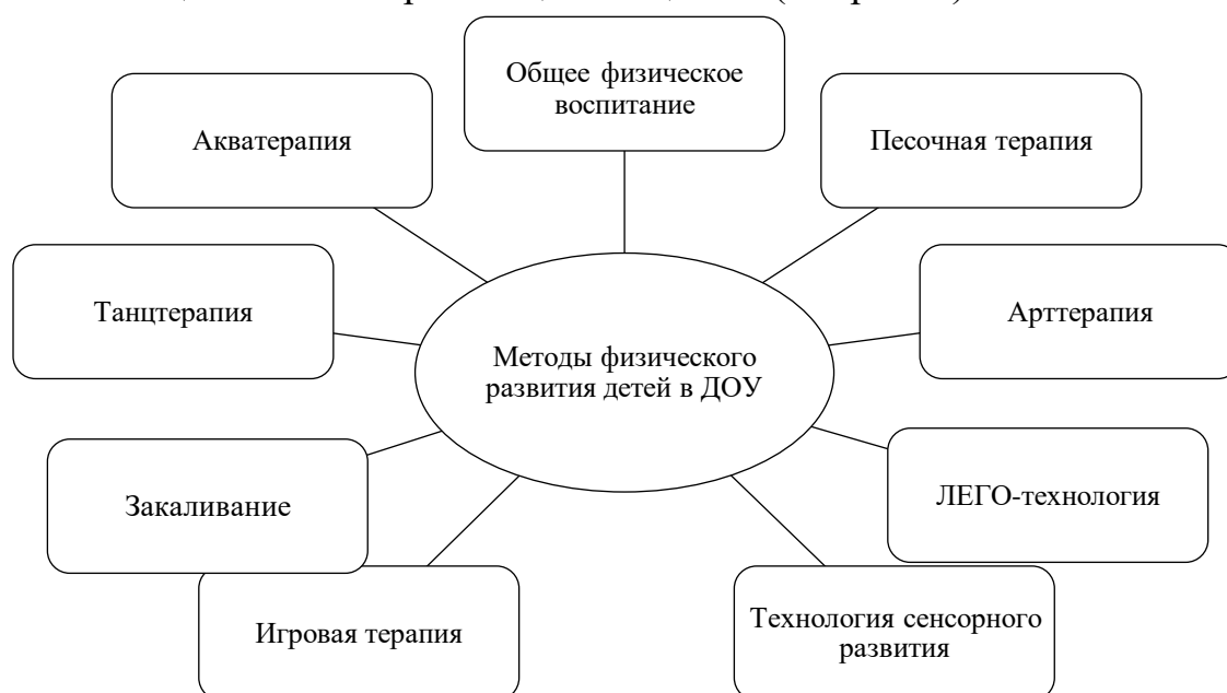
Рис. 2 - Модель реализации педагогических средств по физическому развитию детей старшего дошкольного возраста в дошкольном образовательном учреждении

Модель работы по физическому развитию детей дошкольного возраста в ДОУ, является процессом учебно-воспитательной деятельности по формированию индивидуальных проявлений отношения личности к своему здоровью, соответствующей ценностной ориентацией индивида в соответствии с тем местом, которым он отводит своему здоровью в системе ценностей и ценностных ориентаций общества (см. рис. 2).
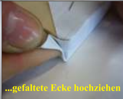
...gefaltete Ecke hochziehen
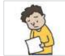
불합격하다 ফেল করা
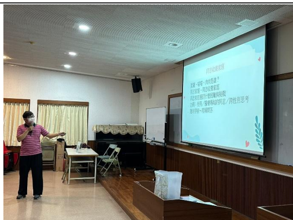
【(場次二)圍爸講師分享1】
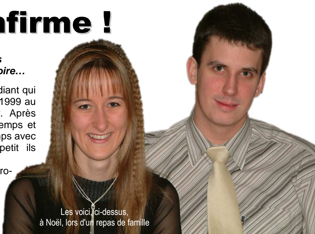
Les voici, ci-dessus, à Noël, lors d'un repas de famille

Ils se marièrent et eurent beaucoup d'enfants... ☺
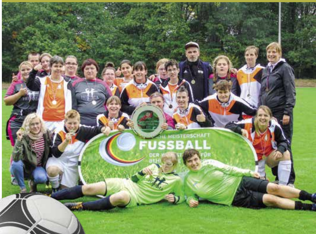
BEIDE FINAL-TEAMS AUF EINEM FOTO – TOLLE STIMMUNG UND GLÜCKLICHE GESICHTER
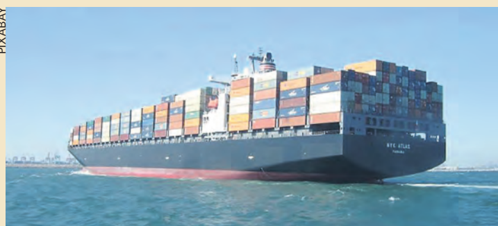
Un bâtiment de l'armement grec.
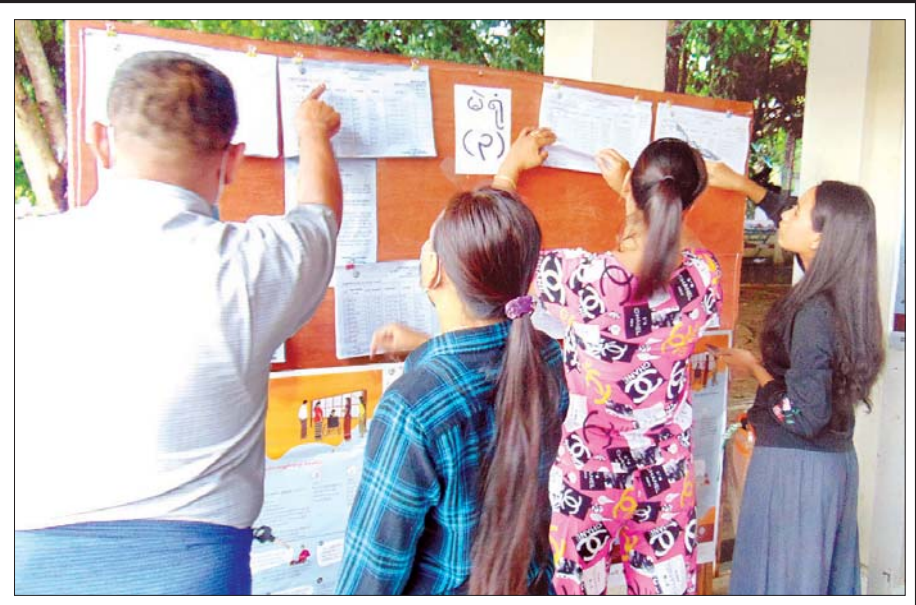
ဧမ္ပူသီရိမြို့နယ်တွင် မဲဆန္ဒရှင်စာရင်းကြေညာထားမှု ကြည့်ရှုနေသူများကို တွေ့ရစဉ်။
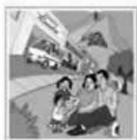
Familia y comunidad Cuaderno N°2
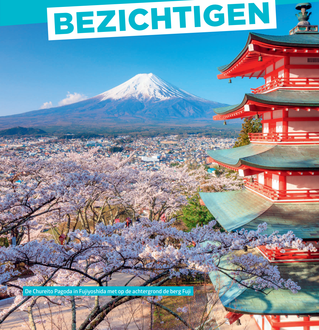
De Chureito Pagoda in Fujiyoshida met op de achtergrond de berg Fuji
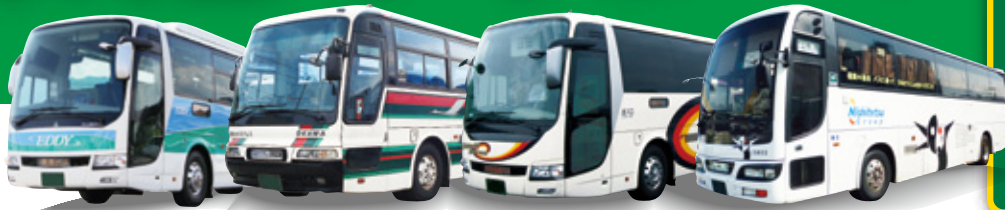
徳島バス株式会社

□ □ □ □ □

Copy exactly the lines from the line that contains "불합격하다 ফেল করা" through the last line of the records above, both ends included, but leave out the pictures.

● The completed task:
불합격하다 ফেল করা
【(場次二)圍爸講師分享1】
Les voici, ci-dessus, à Noël, lors d'un repas de famille

Ils se marièrent et eurent beaucoup d'enfants... ☺
BEIDE FINAL-TEAMS AUF EINEM FOTO – TOLLE STIMMUNG UND GLÜCKLICHE GESICHTER
Un bâtiment de l'armement grec.
ဧမ္ပူသီရိမြို့နယ်တွင် မဲဆန္ဒရှင်စာရင်းကြေညာထားမှု ကြည့်ရှုနေသူများကို တွေ့ရစဉ်။
Familia y comunidad Cuaderno N°2
De Chureito Pagoda in Fujiyoshida met op de achtergrond de berg Fuji
徳島バス株式会社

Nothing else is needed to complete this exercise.